◆ DIRECTIONS FOR THIS TASK
Print, exactly as they stand, the lines below from the one that has "Der Haeberle 08/16" to the one that has "The Anna-Kaci Men's", inclusive, leaving out the pictures.

◆ MATERIAL FOR THIS TASK
%%

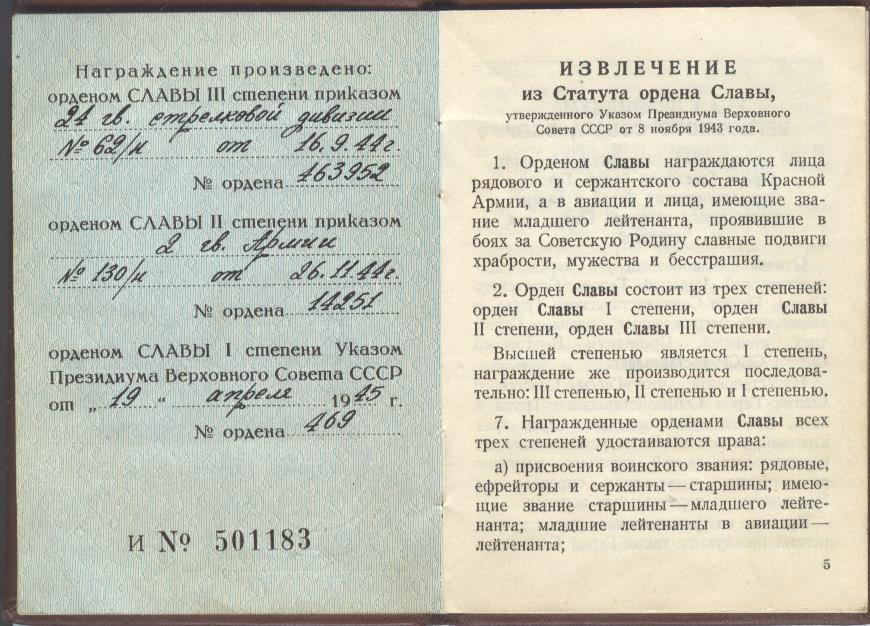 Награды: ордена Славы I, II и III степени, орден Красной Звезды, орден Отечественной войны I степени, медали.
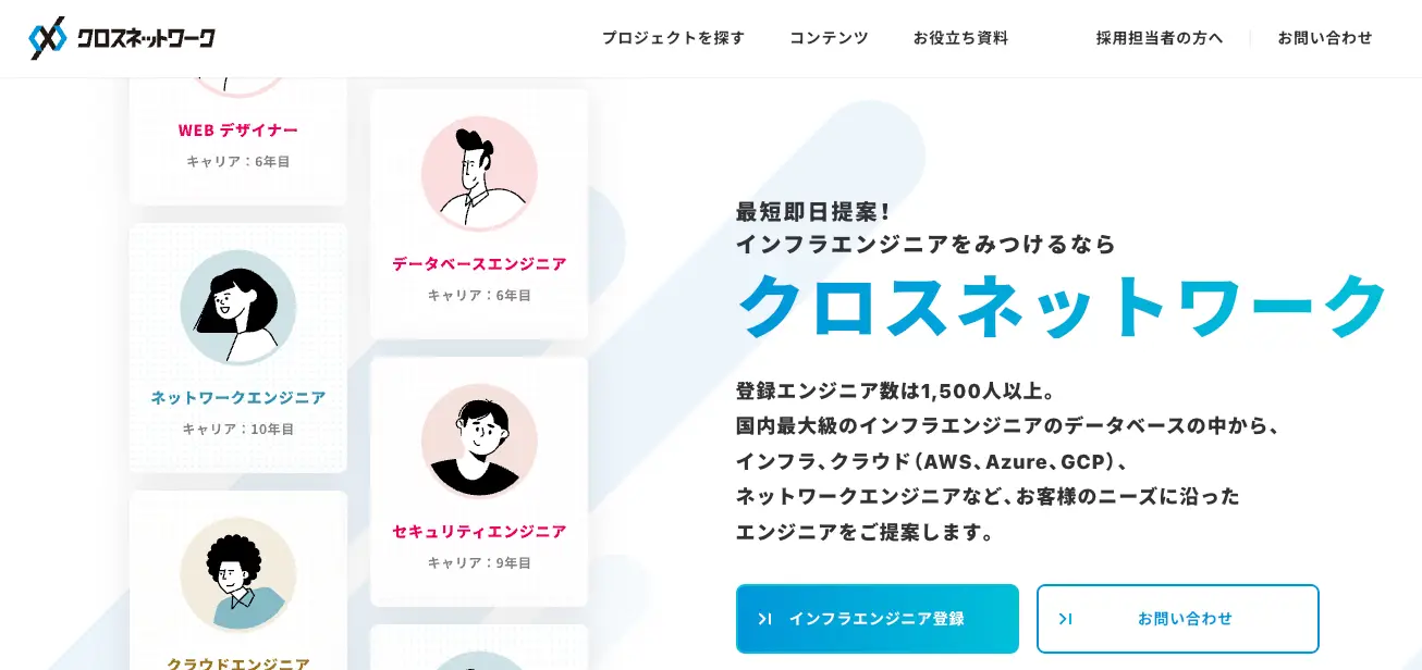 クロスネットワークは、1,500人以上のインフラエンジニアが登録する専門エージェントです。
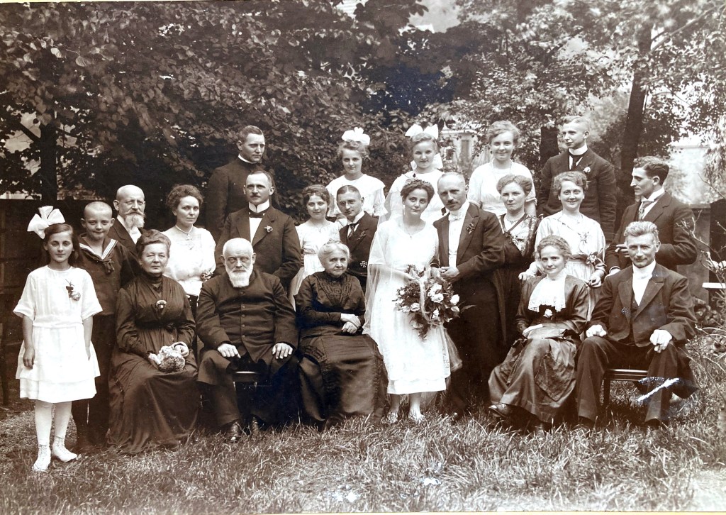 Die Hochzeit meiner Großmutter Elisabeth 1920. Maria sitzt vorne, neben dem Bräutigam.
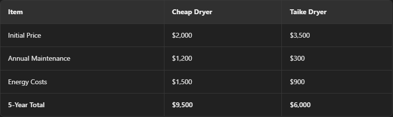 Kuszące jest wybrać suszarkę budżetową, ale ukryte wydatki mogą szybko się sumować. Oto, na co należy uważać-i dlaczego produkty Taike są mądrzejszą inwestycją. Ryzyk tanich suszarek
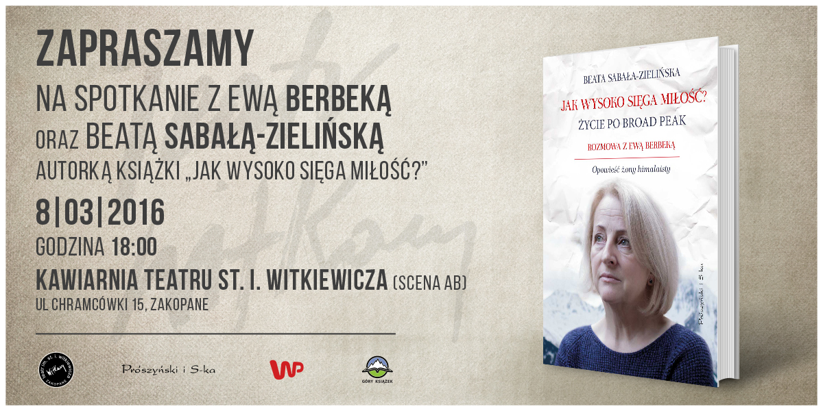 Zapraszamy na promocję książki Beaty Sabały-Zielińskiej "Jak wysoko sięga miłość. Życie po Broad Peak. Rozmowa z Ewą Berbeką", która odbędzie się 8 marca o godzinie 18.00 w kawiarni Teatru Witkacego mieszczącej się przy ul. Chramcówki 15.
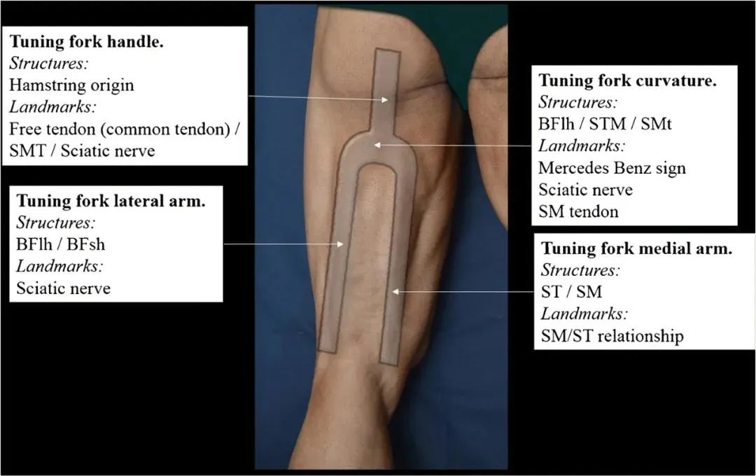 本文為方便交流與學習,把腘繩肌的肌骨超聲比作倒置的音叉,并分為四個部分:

%%
%%

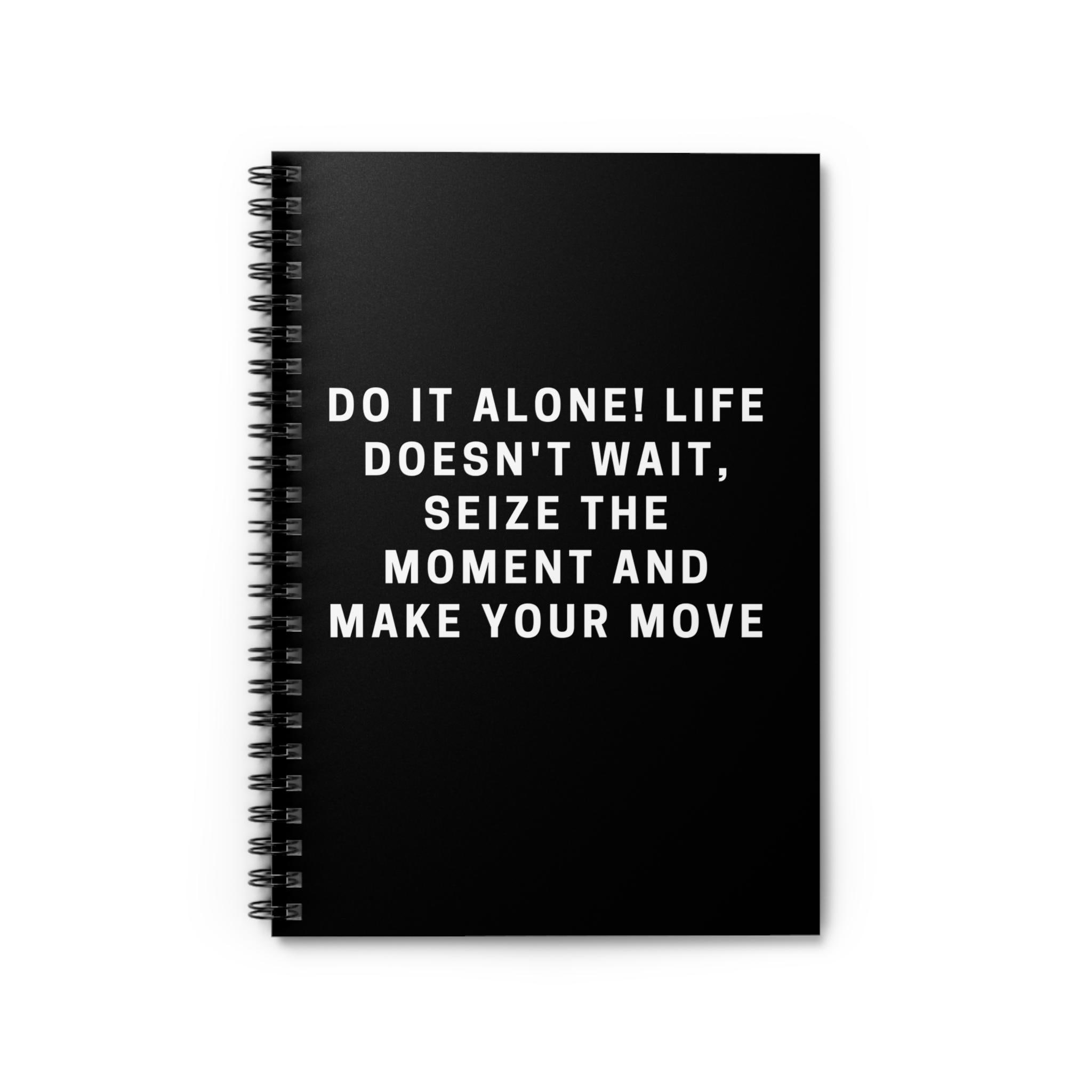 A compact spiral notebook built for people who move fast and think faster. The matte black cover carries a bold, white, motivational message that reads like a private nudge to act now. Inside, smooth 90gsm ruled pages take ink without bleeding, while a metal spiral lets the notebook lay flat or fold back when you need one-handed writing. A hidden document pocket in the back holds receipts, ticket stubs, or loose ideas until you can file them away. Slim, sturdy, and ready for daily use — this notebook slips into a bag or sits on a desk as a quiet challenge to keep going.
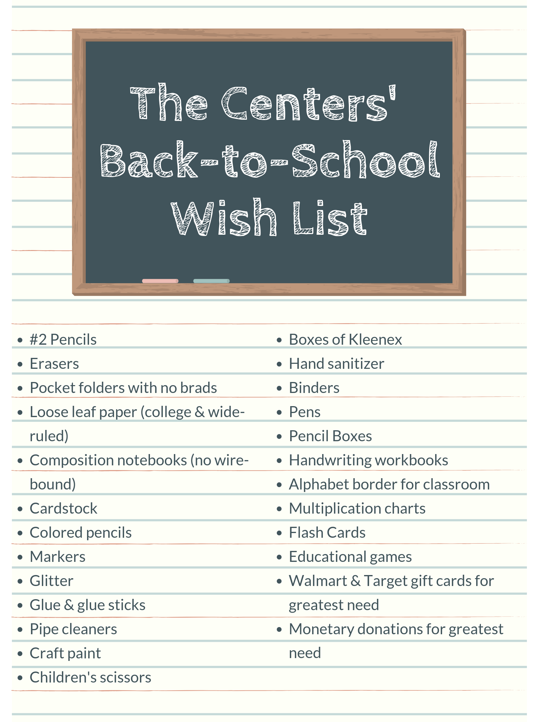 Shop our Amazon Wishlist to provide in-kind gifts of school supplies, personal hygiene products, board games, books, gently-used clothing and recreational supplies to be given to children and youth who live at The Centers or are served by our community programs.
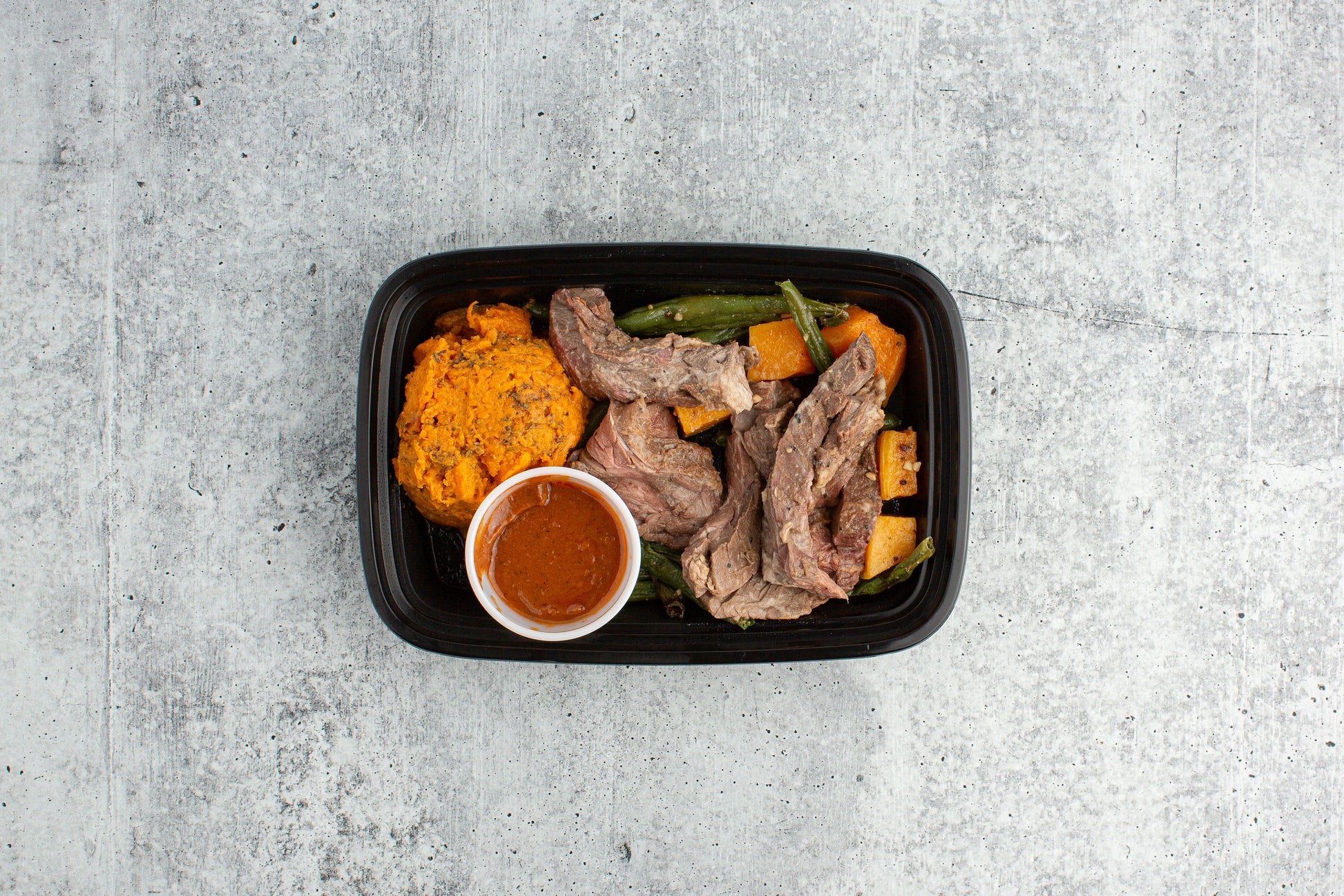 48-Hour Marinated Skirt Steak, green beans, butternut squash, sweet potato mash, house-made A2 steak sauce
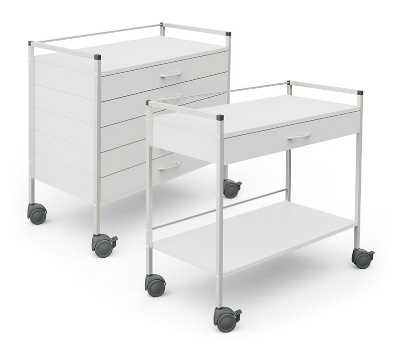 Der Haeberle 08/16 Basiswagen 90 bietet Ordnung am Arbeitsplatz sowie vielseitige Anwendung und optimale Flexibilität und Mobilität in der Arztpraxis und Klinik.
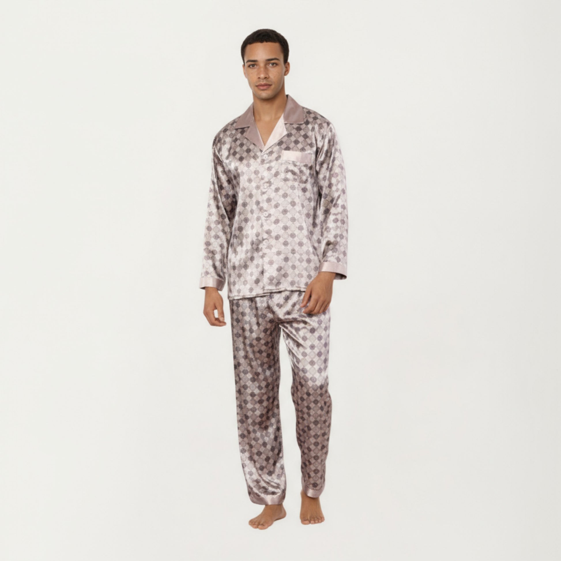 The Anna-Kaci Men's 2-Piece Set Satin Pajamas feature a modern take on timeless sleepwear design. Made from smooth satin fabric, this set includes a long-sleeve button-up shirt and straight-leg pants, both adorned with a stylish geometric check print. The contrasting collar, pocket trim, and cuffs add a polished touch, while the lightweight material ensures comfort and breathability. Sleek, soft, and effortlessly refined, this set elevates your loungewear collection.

%%
%%

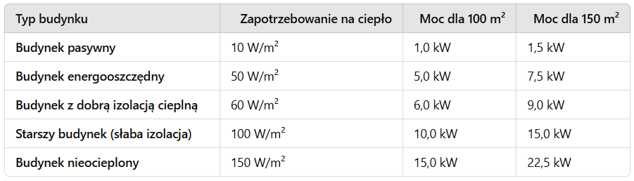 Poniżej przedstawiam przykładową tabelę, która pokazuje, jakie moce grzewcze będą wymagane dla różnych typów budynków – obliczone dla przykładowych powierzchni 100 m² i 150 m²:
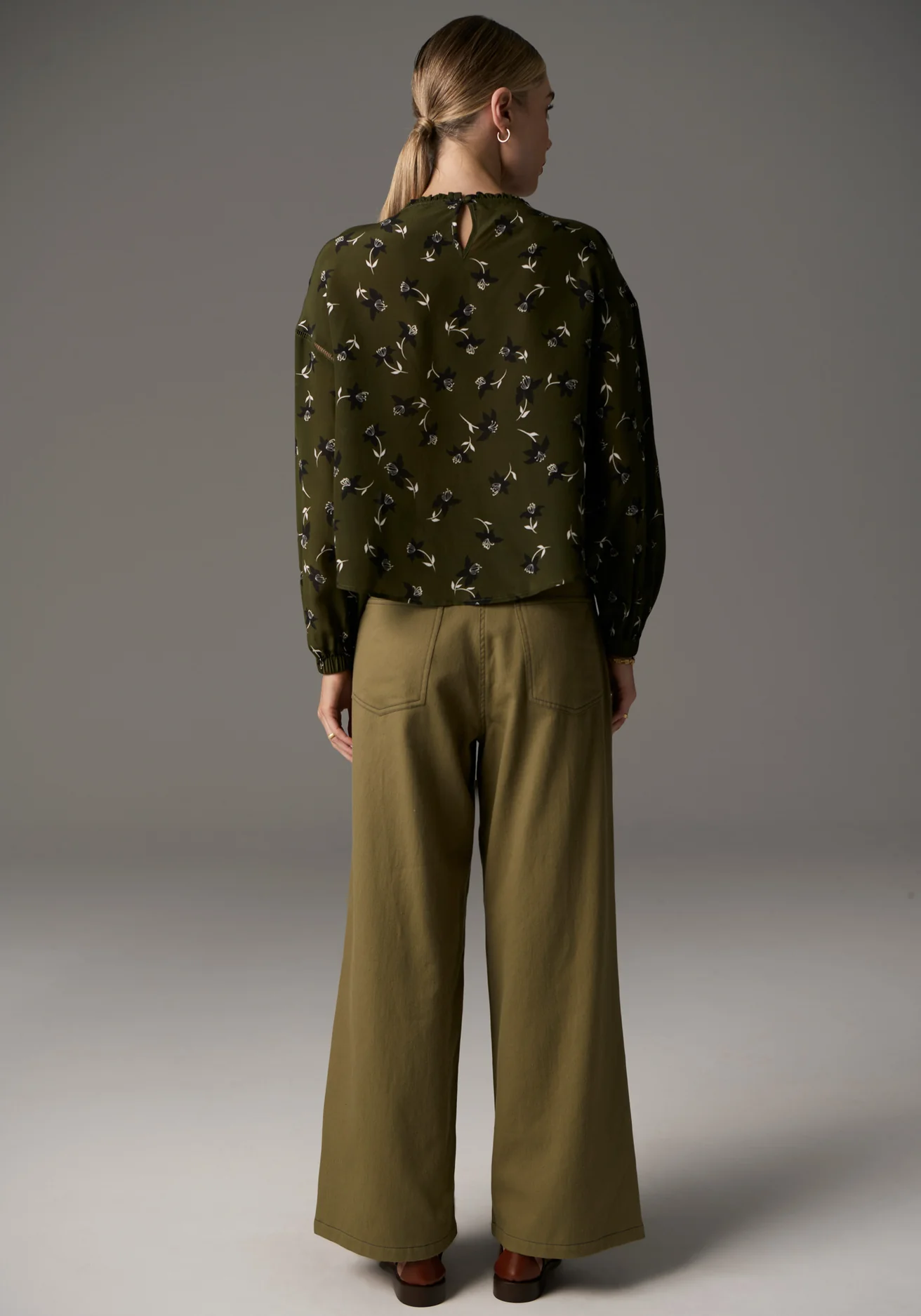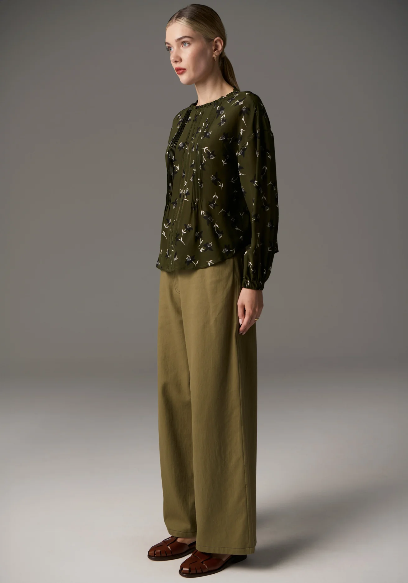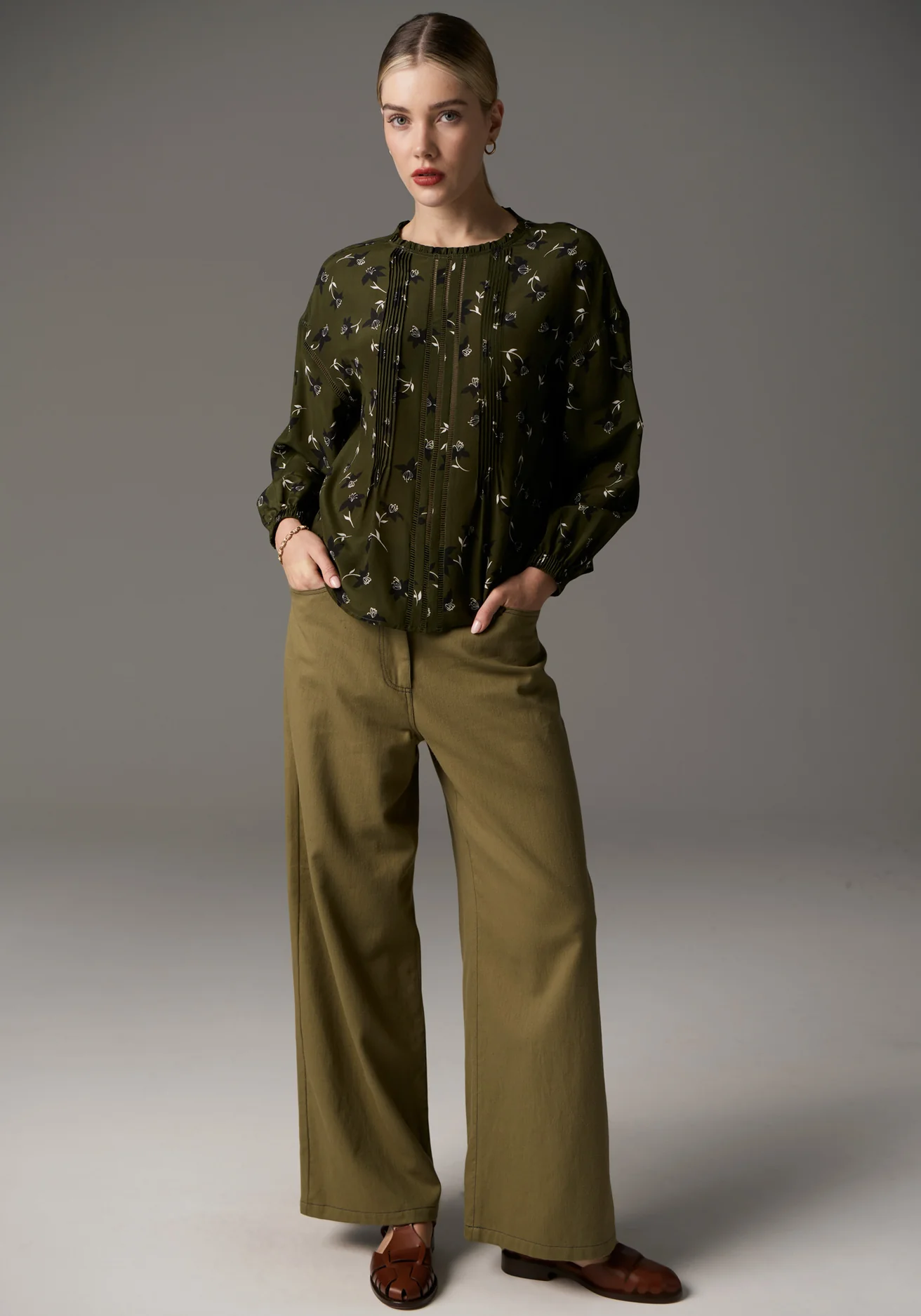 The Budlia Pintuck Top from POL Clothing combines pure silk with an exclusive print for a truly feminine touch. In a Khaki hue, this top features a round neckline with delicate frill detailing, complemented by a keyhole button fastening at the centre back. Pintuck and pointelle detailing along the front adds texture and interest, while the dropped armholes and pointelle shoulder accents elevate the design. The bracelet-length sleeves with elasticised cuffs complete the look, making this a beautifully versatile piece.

%%

◆ ANSWER AREA
 Der Haeberle 08/16 Basiswagen 90 bietet Ordnung am Arbeitsplatz sowie vielseitige Anwendung und optimale Flexibilität und Mobilität in der Arztpraxis und Klinik.
 The Anna-Kaci Men's 2-Piece Set Satin Pajamas feature a modern take on timeless sleepwear design. Made from smooth satin fabric, this set includes a long-sleeve button-up shirt and straight-leg pants, both adorned with a stylish geometric check print. The contrasting collar, pocket trim, and cuffs add a polished touch, while the lightweight material ensures comfort and breathability. Sleek, soft, and effortlessly refined, this set elevates your loungewear collection.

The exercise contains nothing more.